The four scenarios where 0% down genuinely wins

1. You have higher-rate debt to retire. If you carry student loans at 7%+ or any consumer debt at 8%+, paying those off with the cash you'd otherwise put down beats the mortgage math cleanly. The down payment buys you ~6.5% relief; the loan paydown buys you 7%+ relief.

2. You're maxing tax-advantaged space and have room for more. Backdoor Roth, 401(k)/403(b) match, HSA, 457(b), 529 — every dollar you redirect from down payment to maxed tax-advantaged space compounds tax-deferred or tax-free. For a 35-year-old attending, that math usually wins over 30 years.

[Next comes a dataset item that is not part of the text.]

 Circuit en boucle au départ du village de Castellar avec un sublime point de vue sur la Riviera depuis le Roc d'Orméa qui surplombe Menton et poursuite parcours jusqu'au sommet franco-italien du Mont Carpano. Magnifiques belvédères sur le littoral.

3. You're not staying long. If you'll likely sell within 3–5 years (residency exit, fellowship, partner-track relocation), down payment dollars don't compound — they sit as locked equity. Closing costs and selling costs eat much of any modest appreciation. Keeping cash liquid is often the better play.

4. Your emergency fund and contract certainty are thin. Residents and new attendings without a 6-month emergency fund and a fully signed/credentialed contract should preserve liquidity. A signed contract that hasn't credentialed yet is not the same as cash.

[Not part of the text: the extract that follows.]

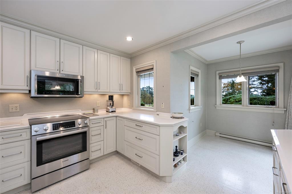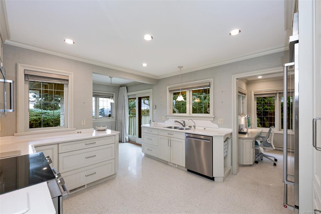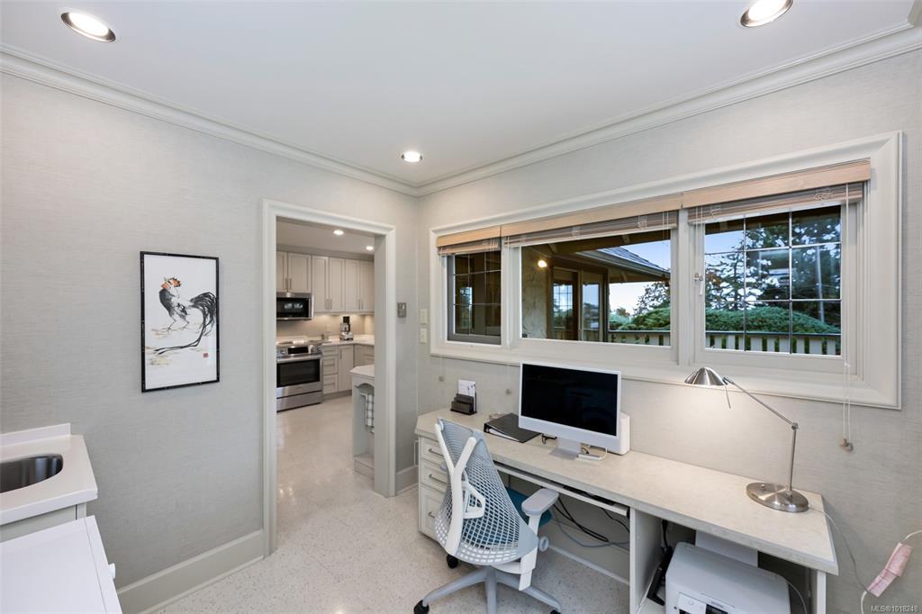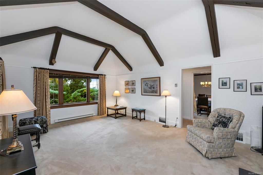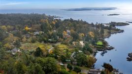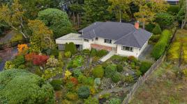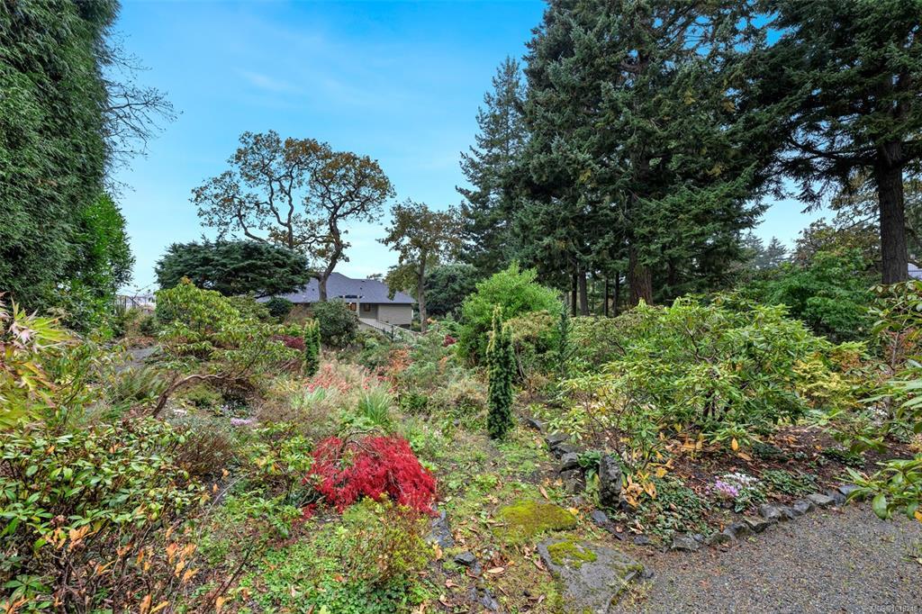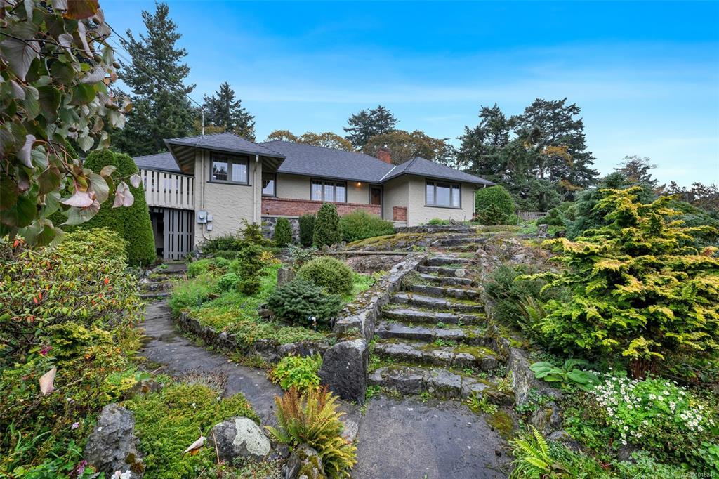 Welcome to your private sanctuary in Ten Mile Point, one of Victoria's most lovable seaside neighbourhoods. Set on nearly three-quarters of an acre of beautifully landscaped and fully fenced gardens, this meticulously cared-for home offers tranquility, spectacular views, and timeless charm. Inside, over 1,500 sq ft of thoughtfully designed living space features two bedrooms and two bathrooms, all on one level. The updated kitchen leads to a fantastic office space, and a large deck overlooking the gardens and water. The dining and living areas offer light and character, while being surrounded in nature. Every detail reflects pride of ownership and careful maintenance throughout. The unfinished basement offers ample storage and a versatile workshop space. Enjoy the best of both worlds - the privacy and natural beauty of Ten Mile Point, with convenient access to Cadboro Bay Village, walking trails, and the ocean just steps from your door. A truly special home in an exceptional setting.

The four scenarios where 10% or 20% down wins

1. You'll stay 7+ years. Longer horizons amortize closing costs and let modest appreciation work. Lower LTV also keeps you flexible if rates fall and you want to refinance into a conventional loan at a tighter spread.

2. You're rate-sensitive and cash-rich. If you have $300K+ in liquid taxable assets beyond your emergency fund and tax-advantaged contributions are already maxed, the marginal dollar of brokerage isn't earning much in tax efficiency. Putting some down to capture the rate-tier discount is reasonable.

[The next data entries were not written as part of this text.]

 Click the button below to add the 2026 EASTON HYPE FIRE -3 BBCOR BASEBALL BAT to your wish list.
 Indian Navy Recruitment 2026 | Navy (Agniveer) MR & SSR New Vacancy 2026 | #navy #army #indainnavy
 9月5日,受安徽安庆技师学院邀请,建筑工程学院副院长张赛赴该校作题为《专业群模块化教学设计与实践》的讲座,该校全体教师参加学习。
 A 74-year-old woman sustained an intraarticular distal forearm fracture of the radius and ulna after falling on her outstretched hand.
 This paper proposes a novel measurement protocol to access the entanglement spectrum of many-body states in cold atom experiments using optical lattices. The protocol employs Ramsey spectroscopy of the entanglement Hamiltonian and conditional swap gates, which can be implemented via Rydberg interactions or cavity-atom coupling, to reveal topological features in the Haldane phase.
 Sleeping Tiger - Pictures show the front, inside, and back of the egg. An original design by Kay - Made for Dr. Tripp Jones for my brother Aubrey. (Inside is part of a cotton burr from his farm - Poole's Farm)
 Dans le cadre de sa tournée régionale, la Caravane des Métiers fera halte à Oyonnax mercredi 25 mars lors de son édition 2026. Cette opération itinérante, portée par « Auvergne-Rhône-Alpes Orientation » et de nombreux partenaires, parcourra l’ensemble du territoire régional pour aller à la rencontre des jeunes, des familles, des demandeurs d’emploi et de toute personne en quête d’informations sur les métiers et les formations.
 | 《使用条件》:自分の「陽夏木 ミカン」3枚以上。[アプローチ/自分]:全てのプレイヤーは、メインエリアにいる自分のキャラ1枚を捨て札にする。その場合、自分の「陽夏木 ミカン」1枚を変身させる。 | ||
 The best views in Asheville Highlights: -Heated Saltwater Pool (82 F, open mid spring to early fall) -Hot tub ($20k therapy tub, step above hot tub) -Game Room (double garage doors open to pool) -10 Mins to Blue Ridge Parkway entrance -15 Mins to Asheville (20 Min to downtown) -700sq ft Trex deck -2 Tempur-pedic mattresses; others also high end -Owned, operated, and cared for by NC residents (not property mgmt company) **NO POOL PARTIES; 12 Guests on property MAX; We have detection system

3. The lender's rate gap is wider than typical. Some portfolios price 0% down 0.50%+ above 20% down. On a $1M loan that's roughly $145,000 in lifetime interest — large enough to overwhelm most opportunity-cost arguments. Always ask for the full rate sheet by LTV tier, not just the rate quoted at your assumed down payment.

4. You want to avoid being underwater. With national price growth projected at just 2%–4% for 2026, a 0%-down buyer in a soft Sun Belt market could be modestly underwater on day one after closing costs. That's not a crisis, but it is a constraint on flexibility.

The middle path most attendings actually use

In practice, many doctors, dentists, and pharmacists land at 5% or 10% down. It captures most of the rate-tier discount, leaves a meaningful cash cushion, and avoids the "all-in on house" feeling that 20% creates for someone who's just escaped six-figure student debt. There's no prize for being all-or-nothing on this decision.

A 5-question decision checklist

  • What's the rate gap between 0% down and 10% (or 20%) down on this exact file?
  • Do I have a 6-month emergency fund plus the down payment I'm considering?
  • Is my higher-rate debt (student loans 7%+, consumer debt) already retired?
  • Am I fully maxed on employer-match retirement and HSA?
  • Is my expected hold period at least 5 years?
  • If you can answer "yes" to questions 2–5 and the rate gap is wide, lean toward more down. If you answer "no" to one or more, the 0% feature of a physician loan is doing its real job — preserving liquidity for higher-impact uses while you settle into your career.

    MedPharmaConnect is for educational purposes only. We are not a lender. Talk to a licensed loan officer and a fee-only financial planner about your specific numbers before committing to a down payment strategy.